The following data needs to be repeated exactly, with all images excluded.

──────── Provided information

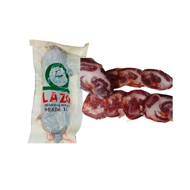 Die exquisite Coppa Iberico Bellota von LAZO (350/400gr) wird aus dem Iberico Cabecero gewonnen. Dieses handwerklich hergestellte Stück zeichnet sich durch seine unglaubliche Saftigkeit und einen höheren Fettgehalt aus, der ihm eine zarte Textur und einen tiefen, ausgewogenen Geschmack verleiht. Es stammt von iberischen Schweinen, die während der Montanera mit Bellota gefüttert wurden, was einen authentischen und hochwertigen Geschmack garantiert, ideal für einen Gourmet-Aperitif.
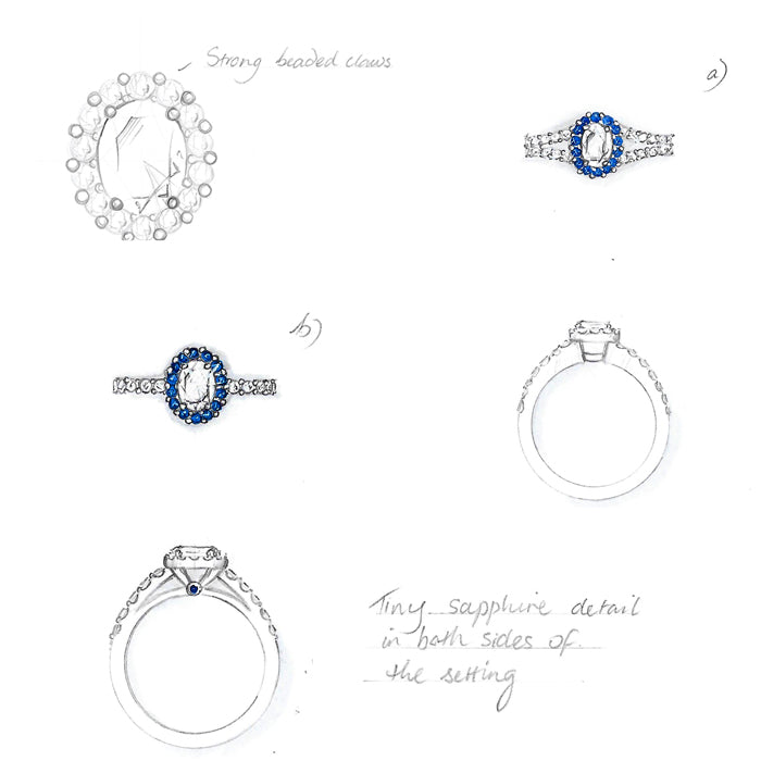 A key stage of the design process is usually the production of detailed hand-drawn designs by the designer, who works closely with the client. A hand drawing is often the best way to unlock the creativity of the mind, and to explore all the possible options. The designs are all to scale and draw on the collective experience of the designer, the gemmologist and the workshop to produce pieces that, while beautiful and unique, are also achievable in the workshop.
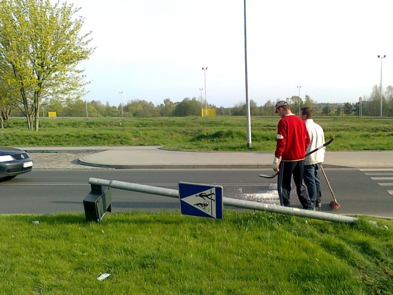 Niby nic śmiesznego, ale kierowca był wcześniej… naprowadzany przez robotnika. W pobliżu „przekładane” są właśnie osiedlowe alejki, trwają prace nad wymianą nawierzchni chodników. Lampa runęła na jezdnię, na szczęście w tym momencie nikt tamtędy nie przejeżdżał i nie przechodził. Teraz problem mają miejskie służby, ponieważ zwalony słup znajduje się pod napięciem. Oby tylko nie doszło tam do tragedii. (sw)
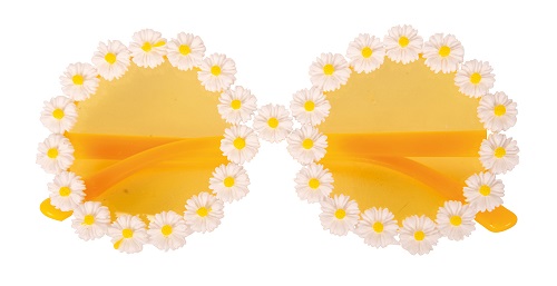 Hippie Flower Power-brillen in de vorm van madeliefjes voor een vrolijke, retro-look. Perfect voor festivals, carnavals en jaren 60-themafeesten.
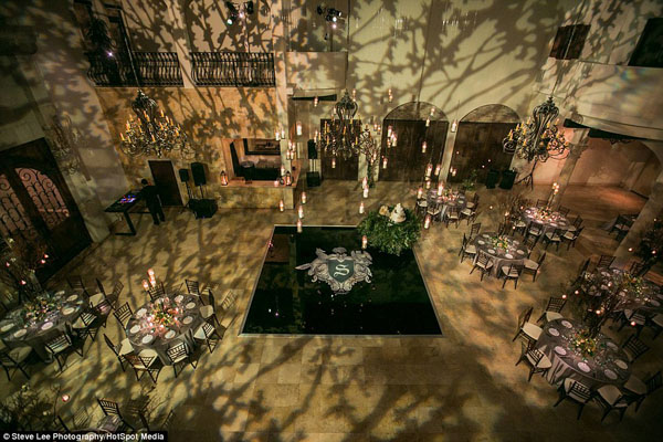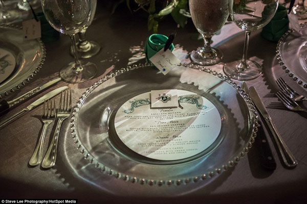 Phù hiệu của ngôi trường Hogwart được đặt ở chính giữa khu vực nơi cô dâu và chú rể trao nhau điệu nhảy đầu tiên.
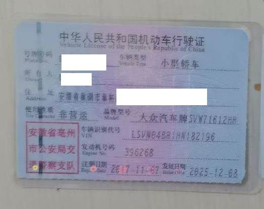 车辆归属地 安徽省亳州市 车辆停放仓库 安徽省蚌埠市
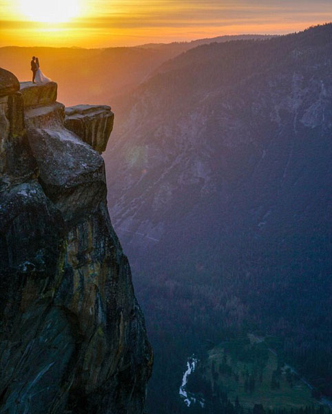3日,漫步在约塞米蒂公园中的迈克偶遇一对新婚燕尔。黄昏时分,二人在岩礁边缘相拥。迈克也沉醉其中,并举起相机,为这对佳人捕捉到了这美好的一刻。无奈实在相距甚远,他只能和他们隔山相望。
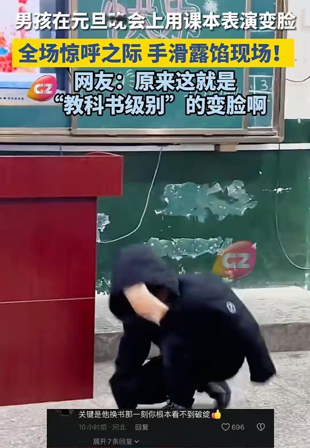 元旦晚会的宝藏名场面来了!一名男生仅凭几本课本,硬生生演了一出超惊艳的“变脸”,简直绝了! 男孩手拿不同封面的课本快速切换,动作行云流水,换书的瞬间几乎零破绽,台下同学惊呼一片,氛围感直接拉满。结果表演途中一个手滑小失误,当场完美露馅,画风瞬间从惊艳变成搞笑。 网友笑翻,纷纷调侃这才是名副其实的“教科书级别变脸”,还打趣“成功是老师的心腹大患,元旦全是班级宝藏”。勇气满分,创意无敌,这份可爱又认真的表演,真的太有新年欢乐感了!

────────────────

* _Exercise result_
 Die exquisite Coppa Iberico Bellota von LAZO (350/400gr) wird aus dem Iberico Cabecero gewonnen. Dieses handwerklich hergestellte Stück zeichnet sich durch seine unglaubliche Saftigkeit und einen höheren Fettgehalt aus, der ihm eine zarte Textur und einen tiefen, ausgewogenen Geschmack verleiht. Es stammt von iberischen Schweinen, die während der Montanera mit Bellota gefüttert wurden, was einen authentischen und hochwertigen Geschmack garantiert, ideal für einen Gourmet-Aperitif.
 A key stage of the design process is usually the production of detailed hand-drawn designs by the designer, who works closely with the client. A hand drawing is often the best way to unlock the creativity of the mind, and to explore all the possible options. The designs are all to scale and draw on the collective experience of the designer, the gemmologist and the workshop to produce pieces that, while beautiful and unique, are also achievable in the workshop.
 Niby nic śmiesznego, ale kierowca był wcześniej… naprowadzany przez robotnika. W pobliżu „przekładane” są właśnie osiedlowe alejki, trwają prace nad wymianą nawierzchni chodników. Lampa runęła na jezdnię, na szczęście w tym momencie nikt tamtędy nie przejeżdżał i nie przechodził. Teraz problem mają miejskie służby, ponieważ zwalony słup znajduje się pod napięciem. Oby tylko nie doszło tam do tragedii. (sw)
 Hippie Flower Power-brillen in de vorm van madeliefjes voor een vrolijke, retro-look. Perfect voor festivals, carnavals en jaren 60-themafeesten.
 Phù hiệu của ngôi trường Hogwart được đặt ở chính giữa khu vực nơi cô dâu và chú rể trao nhau điệu nhảy đầu tiên.
 车辆归属地 安徽省亳州市 车辆停放仓库 安徽省蚌埠市
3日,漫步在约塞米蒂公园中的迈克偶遇一对新婚燕尔。黄昏时分,二人在岩礁边缘相拥。迈克也沉醉其中,并举起相机,为这对佳人捕捉到了这美好的一刻。无奈实在相距甚远,他只能和他们隔山相望。
 元旦晚会的宝藏名场面来了!一名男生仅凭几本课本,硬生生演了一出超惊艳的“变脸”,简直绝了! 男孩手拿不同封面的课本快速切换,动作行云流水,换书的瞬间几乎零破绽,台下同学惊呼一片,氛围感直接拉满。结果表演途中一个手滑小失误,当场完美露馅,画风瞬间从惊艳变成搞笑。 网友笑翻,纷纷调侃这才是名副其实的“教科书级别变脸”,还打趣“成功是老师的心腹大患,元旦全是班级宝藏”。勇气满分,创意无敌,这份可爱又认真的表演,真的太有新年欢乐感了!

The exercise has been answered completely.